Prime Day 2019 suffers from volume pressure

Prime Day Parcels

Amazon celebrated its 5th Prime Day, which is the largest global shopping event exclusively for Prime customers. In 2019 the ‘day’ was extended to 48 hours and held over 15 and 16, July.

Amazon reported this year’s two-day event was more successful, in terms of sales, than 2018’s Black Friday and Cyber Monday together. Amazon’s 100m customers worldwide bought 175m products in the flash sale, up from 100m in 2018. According to Yahoo, two experts estimated that more than $6bn worth of goods were sold. Post & Parcels commented that this was the ‘fastest Prime Day’ ever. Using Prime Free One-Day, Prime Free Same-Day, or Prime Now worldwide, millions of items were shipped in a day or less.

Despite the success of Prime Day 2019, the vast volumes combined with customer expectations put pressure across supply chains causing delivery delays.

Customers were left irritated as delivery times were rising as they shopped, taking to social media to air their frustrations. Examples included four-day delivery, up to one example of an item taking nearly two weeks. Amazon responded, “Product availability, additional preparation time, severe weather, and delivery capacity can all affect your delivery date,” on its Twitter account. Customers were questioning what they were paying for.

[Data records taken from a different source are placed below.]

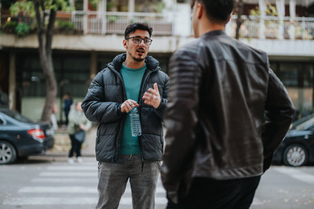 Two men are engaged in an animated conversation, their gestures and expressions conveying enthusiasm. They appear to be discussing a matter of mutual interest, creating a sense of connection and
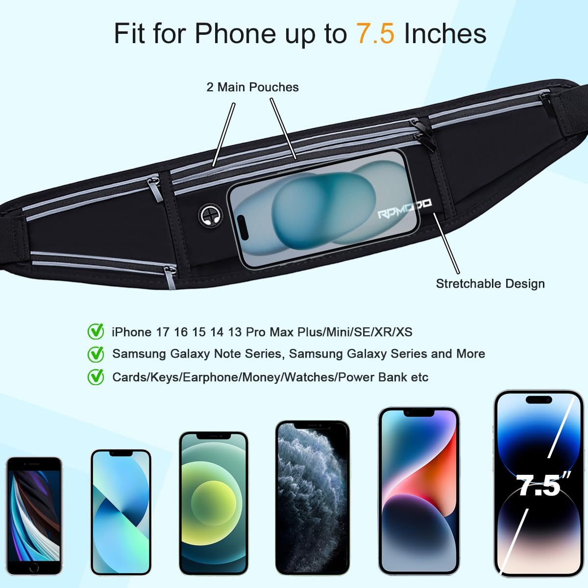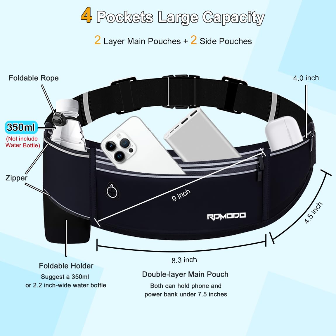 【4 Pockets Large Capacity】The phone holder for running has 4 pockets in total. 2 main pockets in the middle. The upper pocket is 4.0 x 8.0 in(HxL),and the lower pocket stretches from 3.5 to 4.6 x 8.0in(HxL). Both can hold phones or power bank under 7.5 inches. The 2 side pockets are 4.0 x 3.5in, for holding earphone, keys, cards, cash, tissues, etc. The money belt is lightweight so you almost cannot feel it when you put it on.
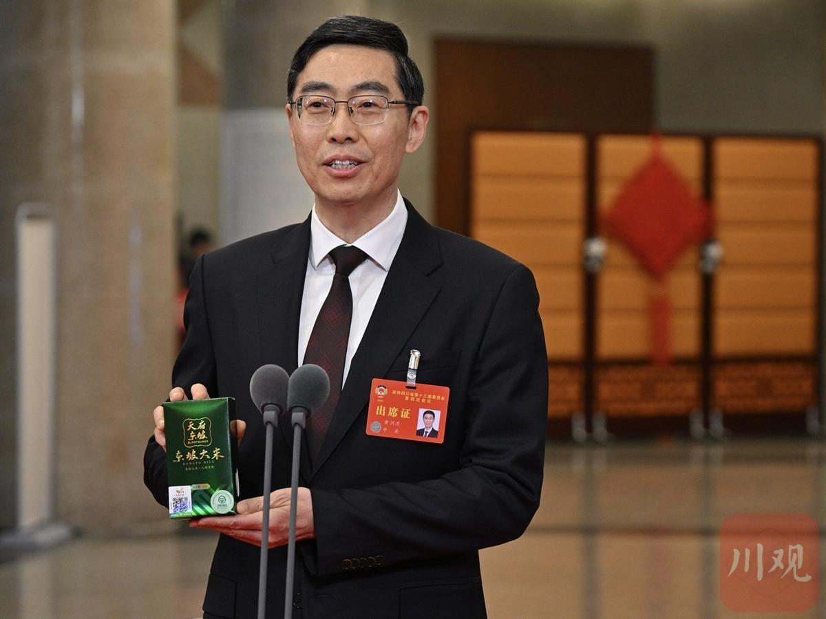 回答问题时,黄剑东从文件袋里掏出了一袋小包装大米。“我这次专门带来了我们眉山的东坡大米,和大家分享。”他展示着手中的大米,“大家看,它颗粒饱满、晶莹如玉、口感很好,是绿色食品,今年还将取得有机认证。”
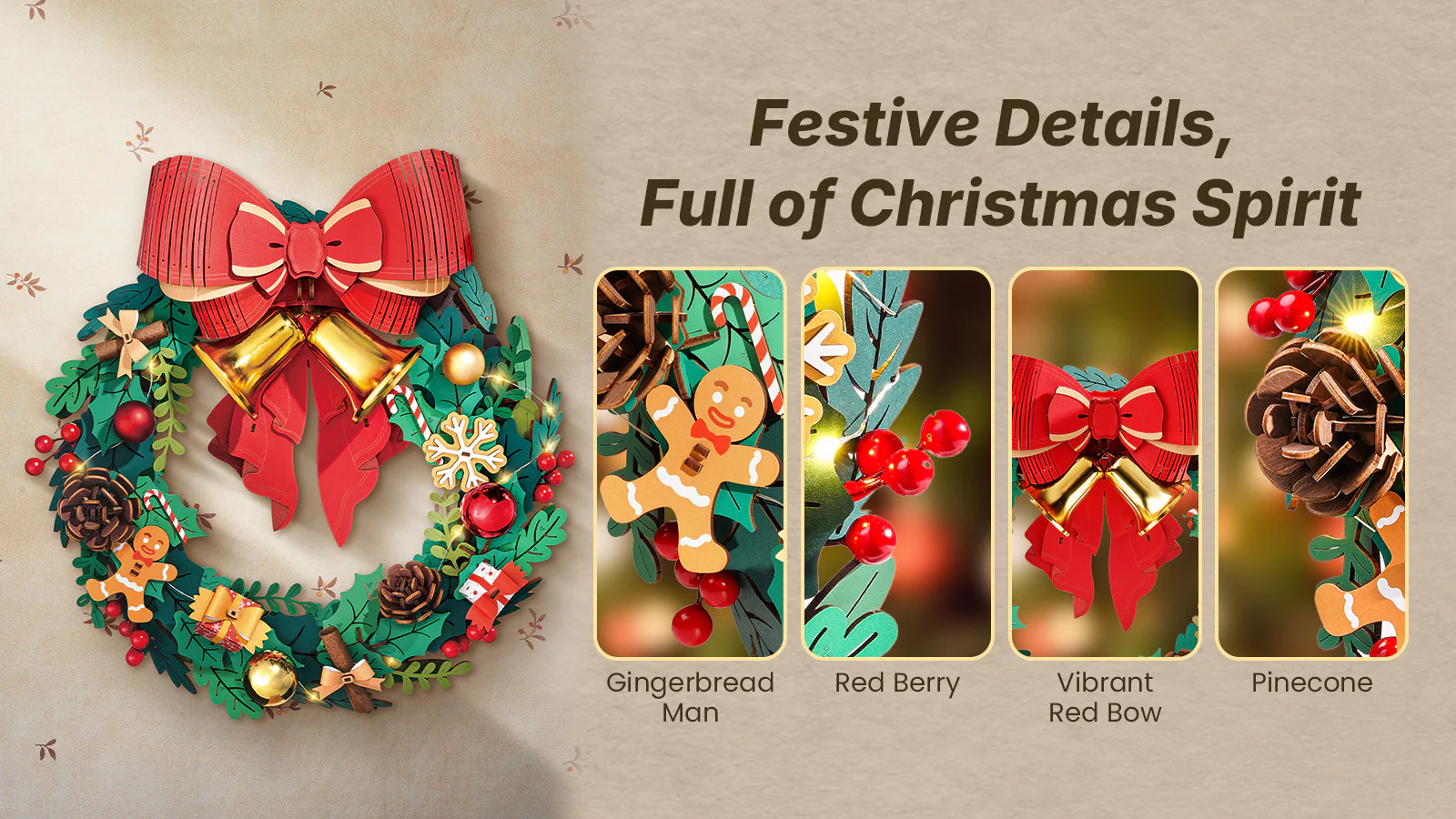 Coronita de Craciun este un simbol al bucuriei sezonului si al sperantei vesnice. Ornamente stralucitoare precum ilex, ghinde, fulgi de zapada, fructe de padure, omuleti de turta dulce, acadele si cadouri sunt cuibarite pe un cerc de conifere. O funda roșie gigantica cu clopotei aurii incununeaza totul, creand o demonstratie vesela a bucuriei Craciunului. Exista chiar si un aspect interactiv al acestei piese, deoarece clopoteii zornaie atunci cand ii scuturi. Cu 252 de piese interconectate precis, esti intampinat cu un puzzle de nivel de 3 stele care te va mentine concentrat cu bucurie timp de aproximativ patru ore. Ofera-ti un sezon de sarbatori vesel construind si expunand
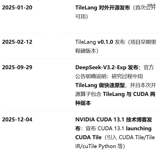 所以去年 12 月英伟达亲自下场,推出了 CUDA Tile,你可以理解为英伟达官方版本的 TileLang。

The delays brought concerns for the US Retail, Wholesale and Department Store Union, as some staff protested during the two-day event. President Stuart Applebaum said, “Amazon fulfilment workers were already facing speeds of 200-300 orders per hour in 12-hour shifts before the new policy. They were struggling to maintain that pace, even before the one-day shipping policy was announced.”

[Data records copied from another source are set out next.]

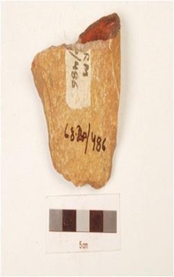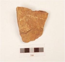 | Description / विवरण | Fragment of bifacial handaxe, made on quartzite with flake scars on dorsal and wavy working edge. |
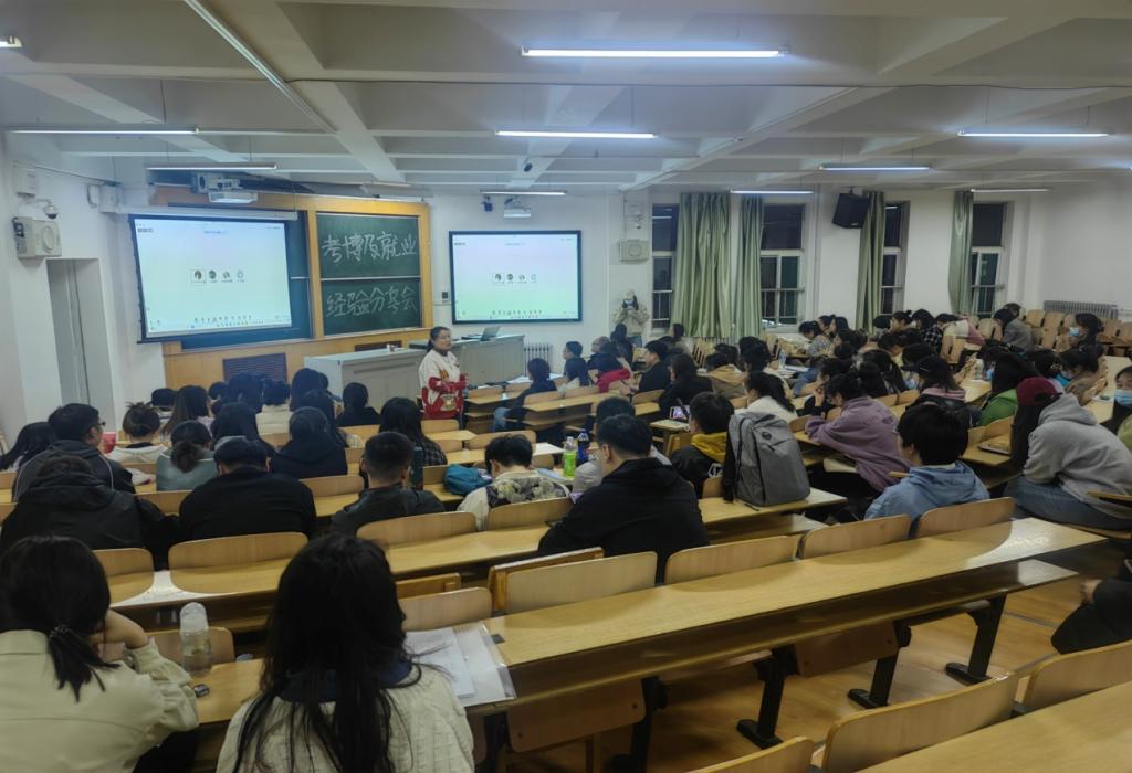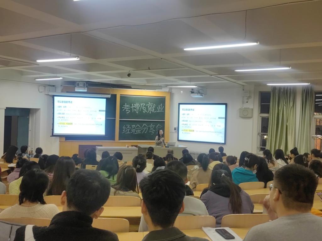 四位优秀毕业生与同学们进行线上和线下交流,分享就业及考博经验。
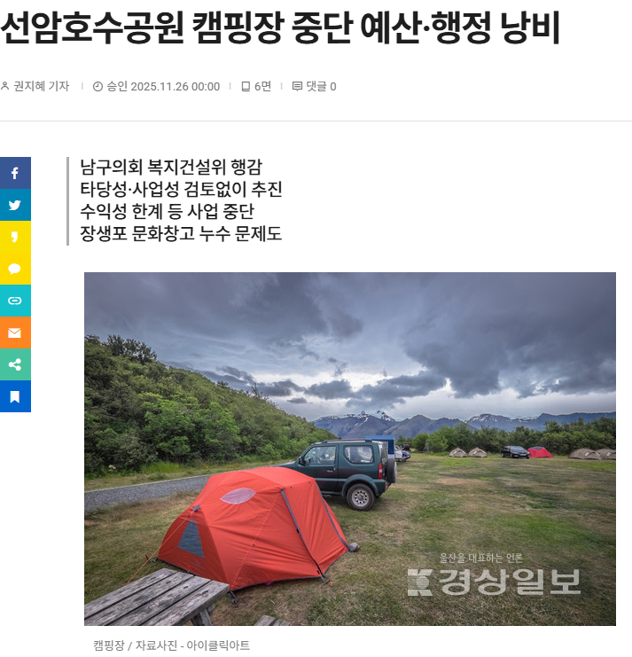 선암호수공원 캠핑장 중단 예산·행정 낭비 < 울산 < 사회 < 기사본문 - 경상일보
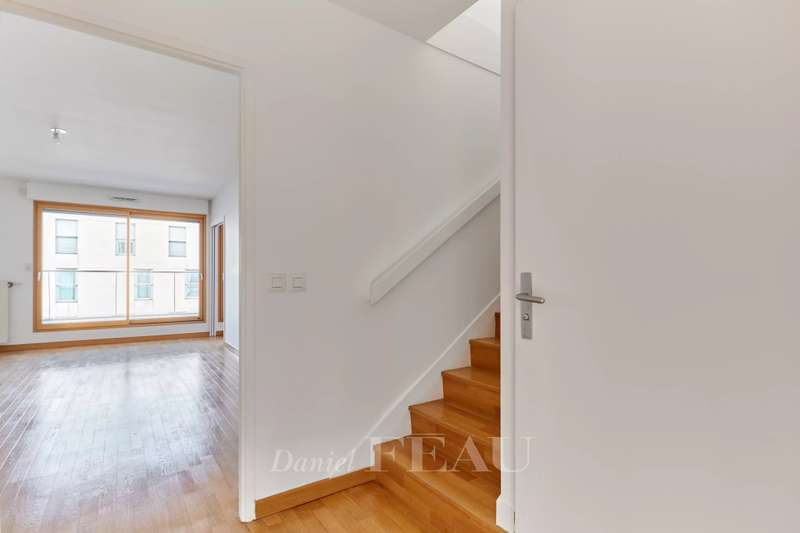 Ile Seguin - Rives de Seine. This bright and peaceful 88.50 four-room apartment is on the 5th and 6t floors of a luxurious and secure recent building in Boulogne’s "Rives de Seine" neighbourhood. It includes a 24.50 sqm living/reception room, a separate kitchen opening onto a terrace, three bedrooms, two bathrooms and two wc. The apartment benefits from two further terraces. With a parking space. A second parking space may be acquired at extra cost.
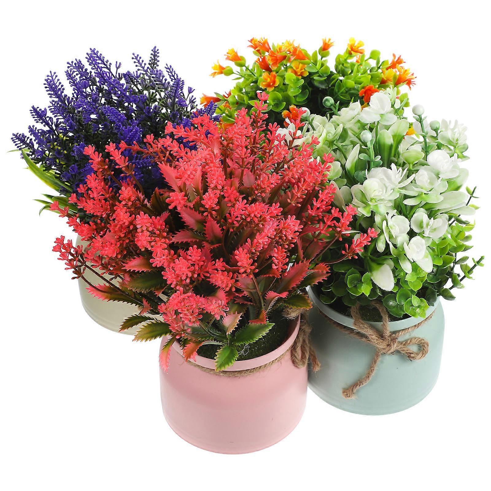 4pcs Artificial Bonsai Potted Plants, Realistic Faux Flowers for Home, Office & Garden Decor, Vivid Red Purple Green Indoor Plants

This comes after the announcement in April when Amazon said it would spend $800m during the second quarter of 2019 to make one-day free shipping the standard for Prime customers.

The Wall Street Journal quoted Amazon spokeswoman, Julie Law, “People are not focused on speed, they are focused on deals, we don’t want to disappoint customers ever, but our capacity for shipping has limits.” For Amazon, with a customer-centric approach to business, it’s surprising to see it doesn’t believe customers are focussed on speed amid complaints regarding delivery times. After it created the free and fast culture, its inability to deliver self-made standards, demonstrates potential fragility in its supply chain and the difficulties to keep up during unseasonal peaks because of overwhelming volumes.

In efforts to alleviate future logistics strains whilst making one-day delivery standard for Prime users, Amazon confirmed it has bought 2,237 vans. This is further to its US infrastructure improvements – its set to increase its fleet to 70 cargo planes and spend nearly $1.5bn on a new air cargo hub at the Cincinnati/Northern Kentucky Airport in Hebron, Kentucky, US.

Amazon clearly has not handled the logistics side of this year’s Prime Day as it would have like to or should have. It is interesting is to note, that Prime Day’s emphasis is now more firmly on deals and its focus on delivery speed has lessened – intentional or not, this is likely to ease the pressure of its fulfilment and logistics operations during peak times.